Mas não foi preciso esperar pelo sinal de D’Ardósias. De repente, sirenes estridentes romperam o silêncio e varreram o céu negro com fachos de luzes vermelhas e brancas, alarmantes e intimidantes. Gritos de pega e de cada um para si e deus para todos vinham de todos os lados e as colunas espartanas inapelavelmente se precipitaram sobre os troianos como as águas divididas por Moisés fizeram com os egípcios.

Se fosse possível entrar na mente de Tilly ver-se-ia aquela cena de A Hard Day’s Night com três Beatles correndo das fãs pelas calçadas de Londres. John e George na dianteira e Ringo na rabeira. George tropeça e cai e em seguida Ringo tropeça em George a também cai. John segue em frente, os outros dois Beatles logo se recompõem e os três continuam a correr, deixando aquele bando de garotas desvairadas para trás. A objetiva grande angular de Tilly enquadrava-o com D’Ardósias indo à frente e Kekya seguindo logo atrás. Antes de largar, Tilly driblou duas rasteiras seguidas, saltitando como um impala à frente de uma chita vencida pelo cansaço, e ainda transpôs uma barreira formada pelas costas largas de D’Ardósias que chegou a roçar o rosto no asfalto antes de embalar de quatro com seus braços compridos de orangotango e ganhar a pista. Kekya, sua vitrola e seus discos caíram nas garras das bestas, e foram largados estatelados no piche como um só monte de ferro-velho. Dele se ouvira mais tarde que permaneceu num hospital quase um mês.

Tilly deslizava como um verdadeiro meio-fundista vendo à sua frente apenas o tênue brilho de uma medalha de ouro no lugar do amarelo da luz do semáforo que se avistava ao final da rua longa, deserta e escura. Surpreendentemente, faltando 500 metros para a chegada, eis que D’Ardósias ultrapassa Tilly como um fantasma do qual só se via uma vasta cabeleira cavalgando sobre os ombros. Tilly percebeu, então, que o perigo não havia passado, mas, ao contrário, também buscava um lugar no pódio e sem olhar para trás imprimiu mais velocidade às suas pernas fortes e impróprias para calças apertadas, mantendo-se no vácuo de D’Ardósias e alcançando-o na avenida iluminada, o mar onde o homem lobo não se atreve. D’Ardósias sentou-se na calçada, esbaforido, e Tilly, em forma invejável, manteve-se de pé, mas não podia se pavonear em triunfo porque ainda tinha na mão aquele lugar escuro onde nunca bate sol. Depois de tamanho susto que entorpeceu sua cabeça, era justificável ouvir Tilly no dia seguinte proferir uma impropriedade ringoiana como esta: A hard night’s morning.
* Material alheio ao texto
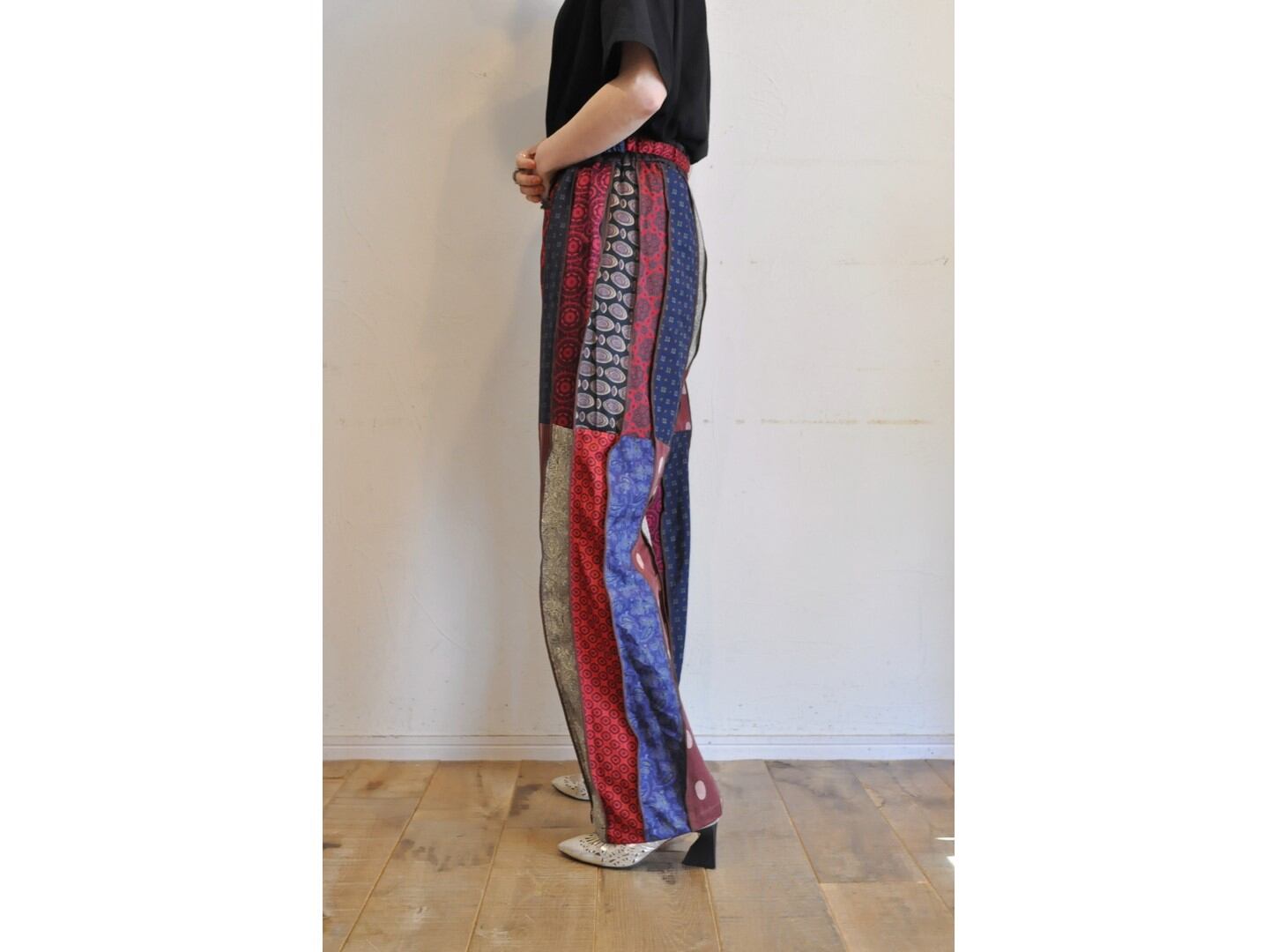 ●ヨーロッパの古着のサテンパジャマをパッチワークして作られたリメイクパンツです。

Com muito mais propriedade profetizou socraticamente o daimon de Tilly ao estilo do imitador anônimo de Platão.

Quero cingir-te a fronte com esta coroa de bandanas, pois sei que você obteve-a merecidamente com sua arte de correr e como primícias dos despojos de seu medo, e de bom augúrio considero tua triunfal guirlanda de suor, pois como você sabe seus temores te oprimem como uma tempestade violenta e as próximas que se avizinham não serão menos violentas do que as de hoje e nem as de outrora e de muito bom grado eu alcançaria vitória sobre teus pesadelos.